### HOW TO COMPLETE THIS TASK
Starting with the line that holds "Jennifer was supposed", reproduce each line through the last one of the data, exactly as written. Pictures are not copied.

### COLLECTED DATA
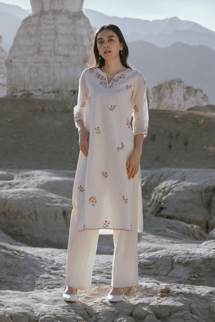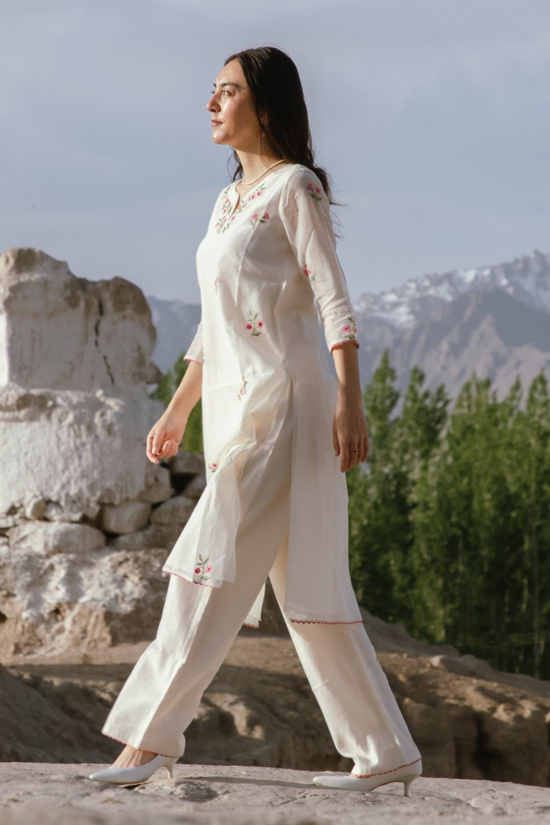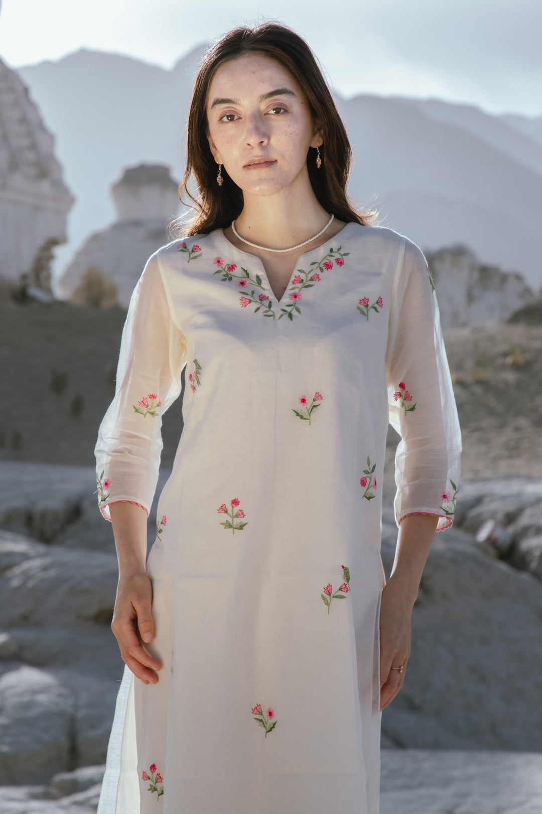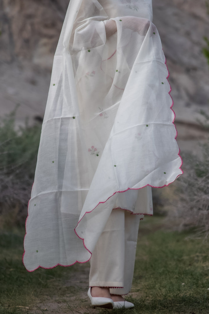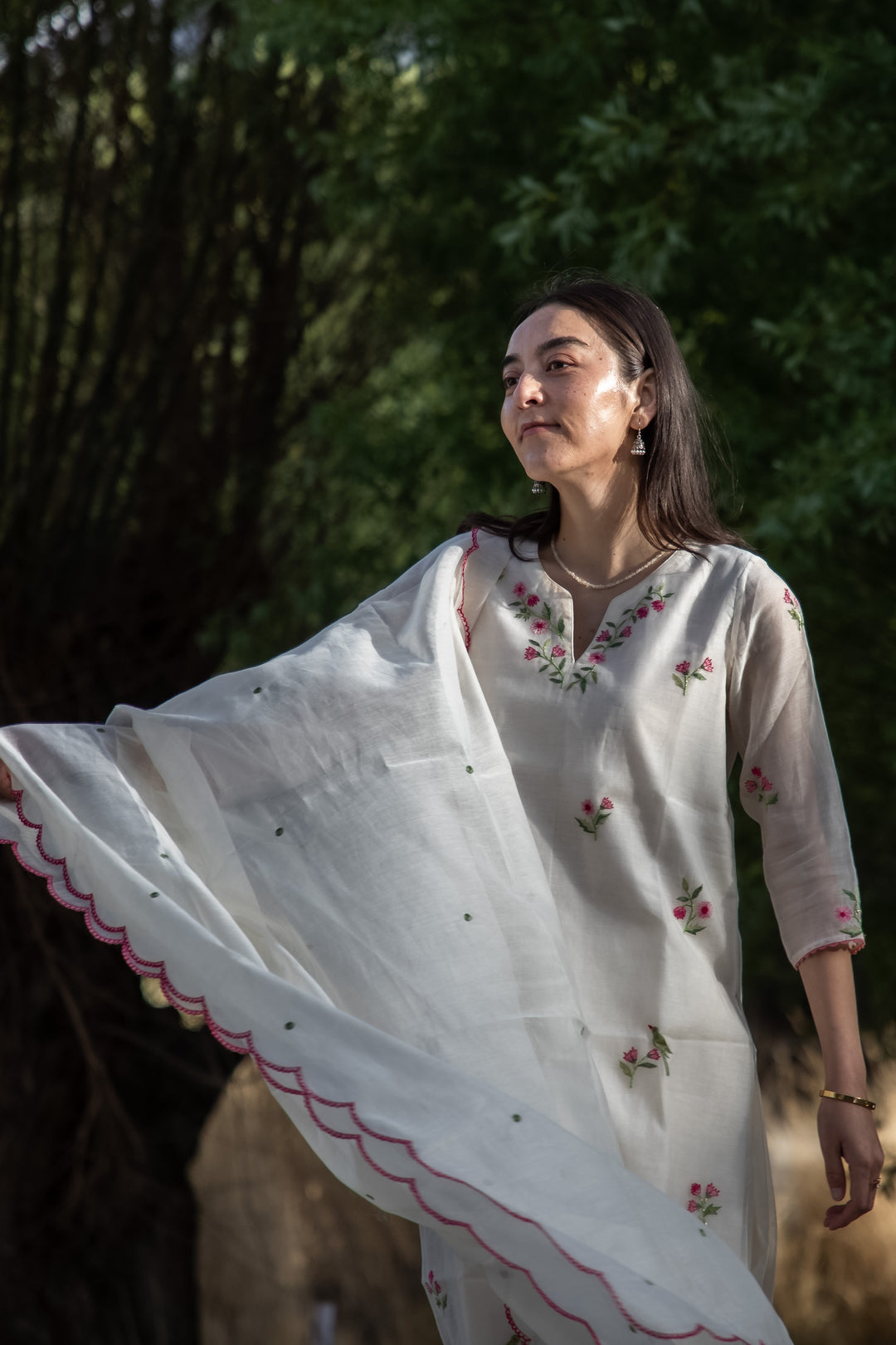 The kurta features embroidered details with vibrant floral and parrot motifs that bring colour and joy to even the simplest occasions. It drapes beautifully, offering both structure and movement, while the coordinating dupatta completes the look with subtle grace.
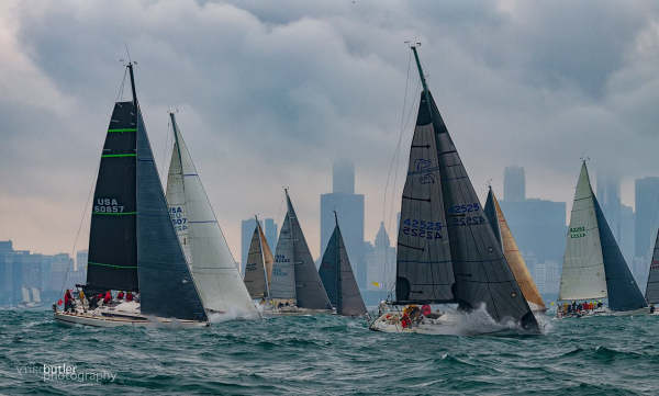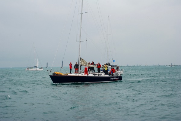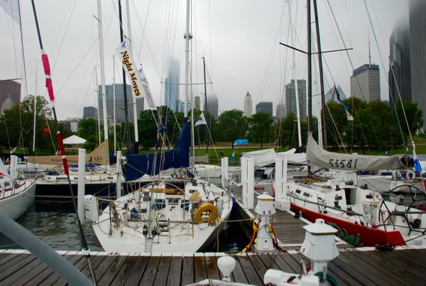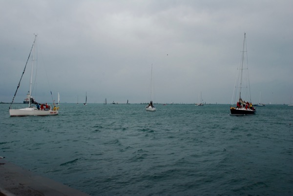 Jennifer was supposed to sail in the Chicago to Mackinac race for the first time this weekend. Unfortunately the boat’s mast broke in a race the week before so she couldn’t sail. So instead we took the train down to the Chicago and watched the boats leave the harbor. It was a miserable day and we felt for the sailors, but I’m glad we went down to be spectators.
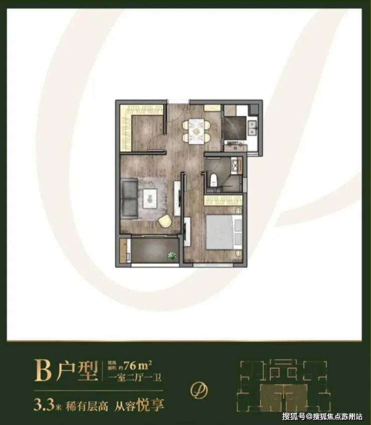 其中,建面约76m²1+1户型20套,总价494万起
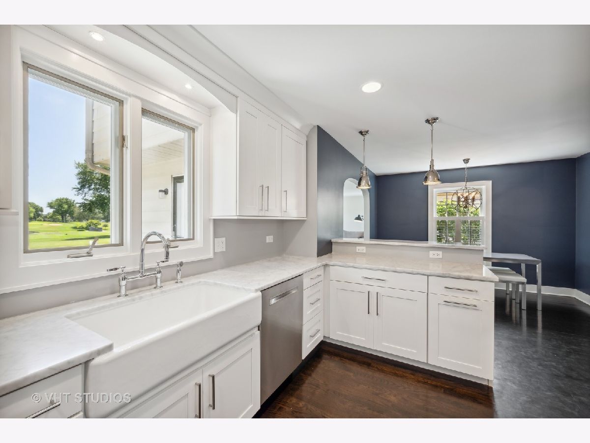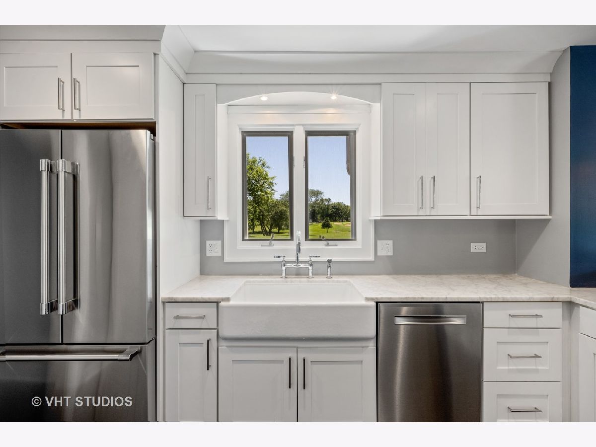 Amazing Value on one of the most desirable streets in-town Geneva!!! FABULOUS COUNTRY CLUB GOLF LOCATION... All updated and remodeled "on-trend" two-story white house with black shutters backing to rolling open golf course panoramic views! A gourmet chef's kitchen allows you to enjoy ever-changing vistas while working at your farm sink---cooking is a pleasure! White cabinetry, stainless steel appliances and range hood, marble countertops, "trendy" light fixtures, hardwood floor, built-in beverage refrigerator, breakfast bar, and table space for sit-down dining! Living room has built-in shelving/cabinetry, brick fireplace with custom surround, hardwood floor, and great place to entertain or relax! Family room and dining room have walls of windows highlighting incredible vistas---perfect place to entertain guests! First floor laundry and remodeled powder room. Ample master bedroom has hardwood flooring and pleasant golf course scenery! Redone vaulted bath boasts huge shower with contemporary tile and chic flooring. Three other bedrooms (BR 3 -4 are tandem) on second floor. Room for EXPANSION or adding full bath upstairs---endless potential! Basement has sink for projects and great storage or play area. Enjoy the one-of-a-kind locations that offer a brick paver patio AND a stone patio with outdoor brick fireplace---relish your SMORE'S by moon light! Walk to town, Metra train, river, parks, festivals, library, and shopping! Make this special home and location your next residence---make life-long memories here!

### SOLUTION TO THIS EXERCISE
 Jennifer was supposed to sail in the Chicago to Mackinac race for the first time this weekend. Unfortunately the boat’s mast broke in a race the week before so she couldn’t sail. So instead we took the train down to the Chicago and watched the boats leave the harbor. It was a miserable day and we felt for the sailors, but I’m glad we went down to be spectators.
 其中,建面约76m²1+1户型20套,总价494万起
 Amazing Value on one of the most desirable streets in-town Geneva!!! FABULOUS COUNTRY CLUB GOLF LOCATION... All updated and remodeled "on-trend" two-story white house with black shutters backing to rolling open golf course panoramic views! A gourmet chef's kitchen allows you to enjoy ever-changing vistas while working at your farm sink---cooking is a pleasure! White cabinetry, stainless steel appliances and range hood, marble countertops, "trendy" light fixtures, hardwood floor, built-in beverage refrigerator, breakfast bar, and table space for sit-down dining! Living room has built-in shelving/cabinetry, brick fireplace with custom surround, hardwood floor, and great place to entertain or relax! Family room and dining room have walls of windows highlighting incredible vistas---perfect place to entertain guests! First floor laundry and remodeled powder room. Ample master bedroom has hardwood flooring and pleasant golf course scenery! Redone vaulted bath boasts huge shower with contemporary tile and chic flooring. Three other bedrooms (BR 3 -4 are tandem) on second floor. Room for EXPANSION or adding full bath upstairs---endless potential! Basement has sink for projects and great storage or play area. Enjoy the one-of-a-kind locations that offer a brick paver patio AND a stone patio with outdoor brick fireplace---relish your SMORE'S by moon light! Walk to town, Metra train, river, parks, festivals, library, and shopping! Make this special home and location your next residence---make life-long memories here!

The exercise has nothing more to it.